Pattypan squash (or 'patty pan') is a varietal group of summer squash (Cucurbita pepo) notable for its round and shallow shape, and scalloped edges, somewhat resembling a flying saucer.  The name "pattypan" derives from "a pan for baking a patty". Its French name, pâtisson, derives from a Provençal word for a cake made in a scalloped mould. The pattypan squash is also known as UFO squash, scallop squash,  granny squash, custard squash, ciblème in Cajun French, button squash, scallopini, or simply "squash" in Australian English, or schwoughksie squash (pronounced "shwooxie squash"), especially if grown in the Poughkeepsie, New York, area.
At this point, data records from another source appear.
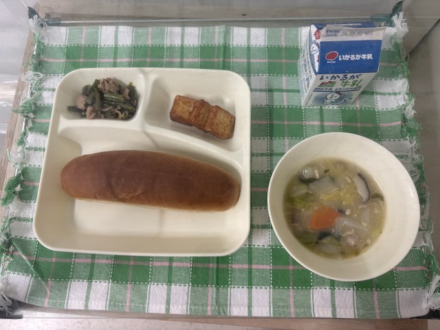 ※はくさいのとろみ煮  ※あつあげのピリ辛じょうゆかけ  ※豚肉とさんどまめのオイスターソースいため  ※黒糖パン  ※牛乳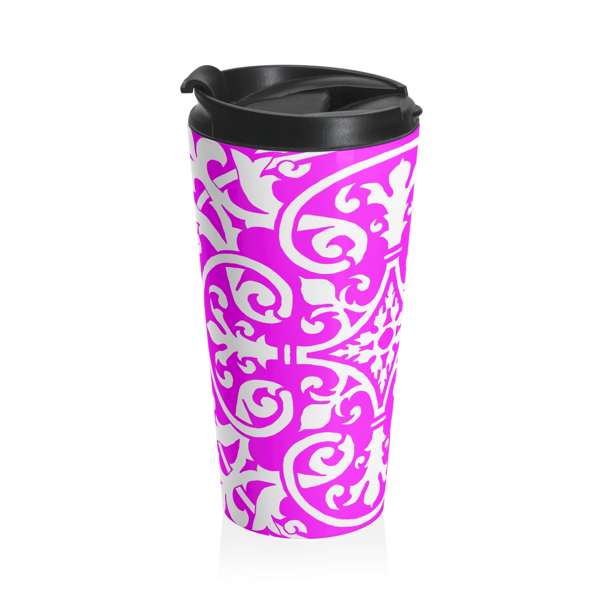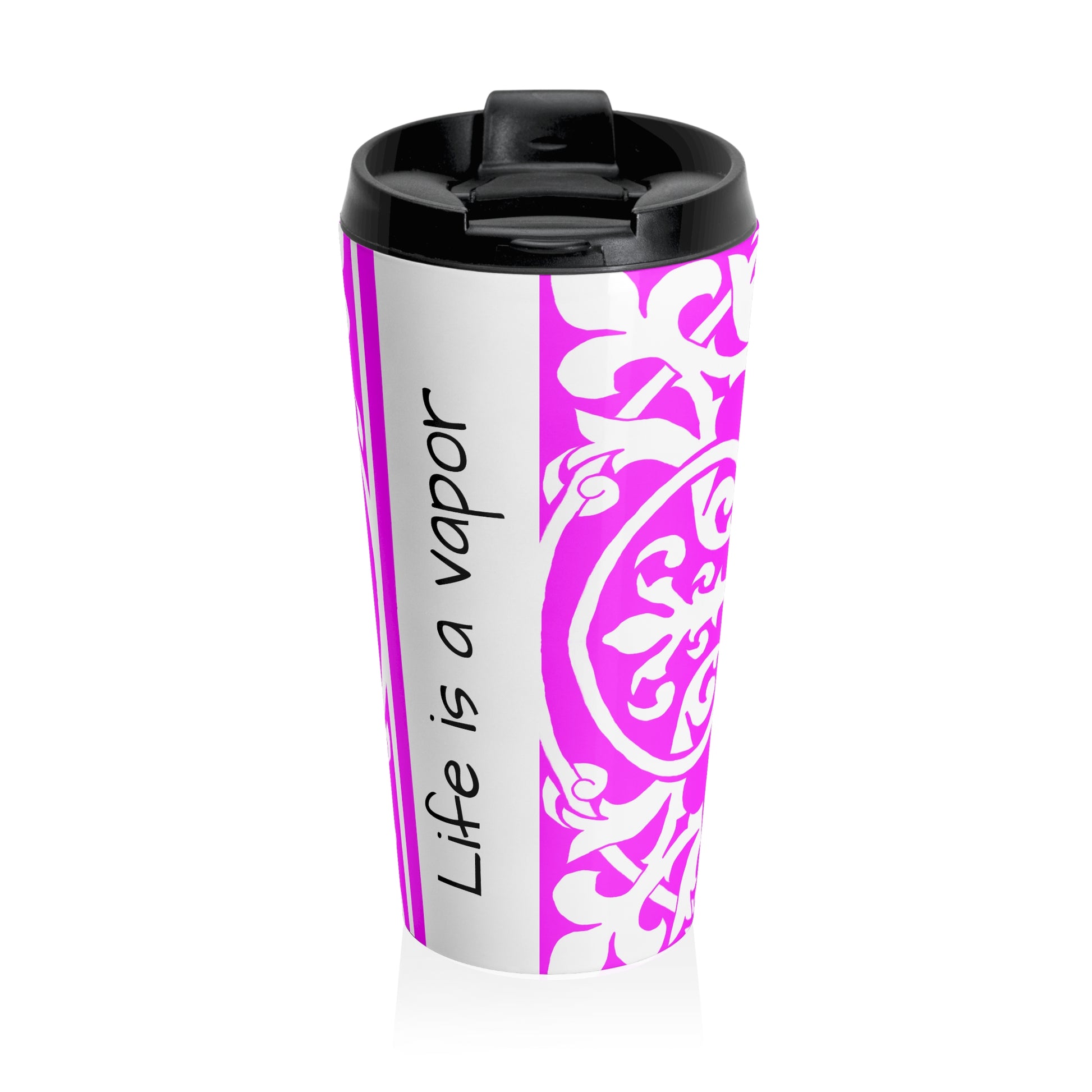 Scrollwork Stainless Steel Travel Mug "Life is a vapor"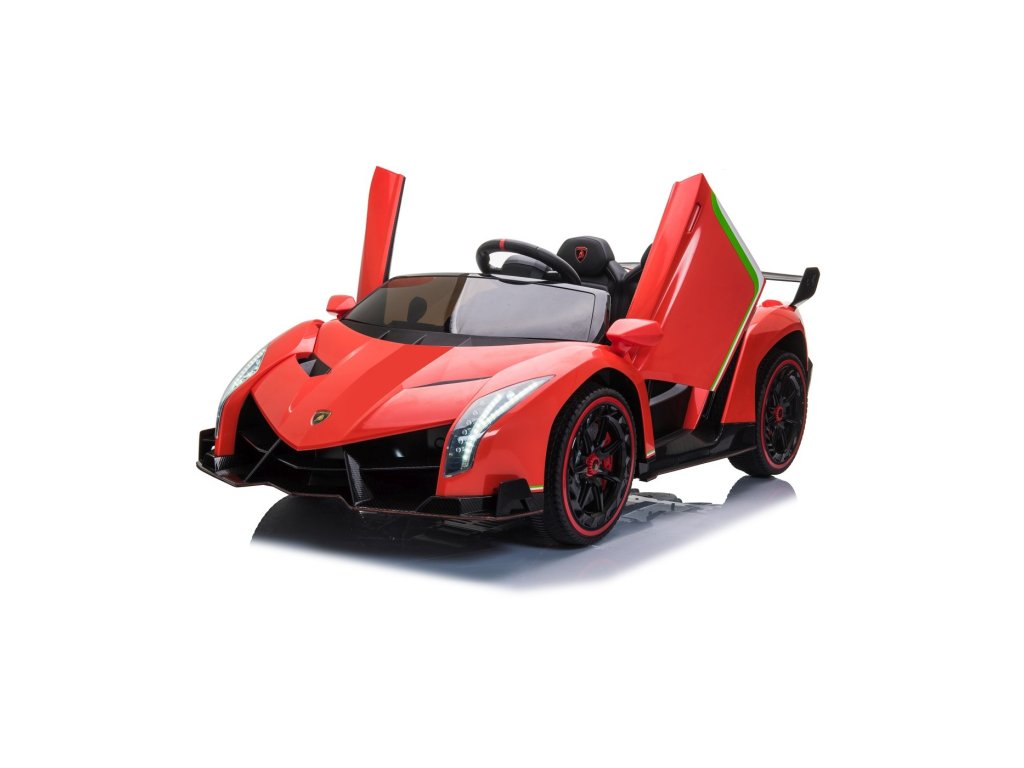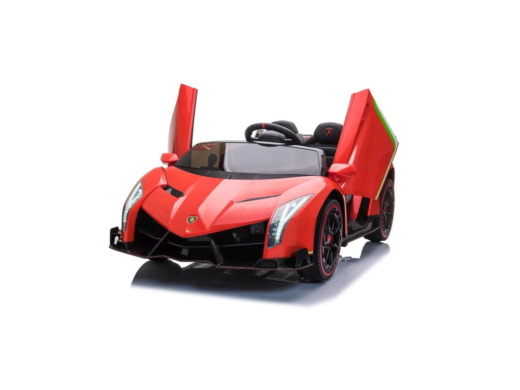 Mașina electrică de jucărie pentru copii Lamborghini Veneno este o combinație unică de design luxos, performanță și confort. Cu patru motoare de 45 W și două baterii de 12 V 7 Ah , oferă suficientă putere pentru conducerea rapidă înainte și înapoi la două viteze. Datorită funcției „pornire moale” , pornirea este lină și sigură chiar și pentru copiii mai mici.

Pattypan squash comes in white, yellow, orange, light green, dark green, and multicolored varieties. The squash is most tender when immature. In fine cuisine, its tender flesh is sometimes scooped out and mixed with flavorings, such as garlic, prior to reinsertion; the scooped-out husk of a pattypan is also sometimes used as a decorative container for other foods. Pattypan is a good source of magnesium, niacin, and vitamins A and C. One cup contains approximately 20 to 30 calories and no fat. It is often sliced, baked, or coated and fried until golden brown, or simply boiled. In Polish and Ukrainian cuisine, they are pickled in sweet vinegar.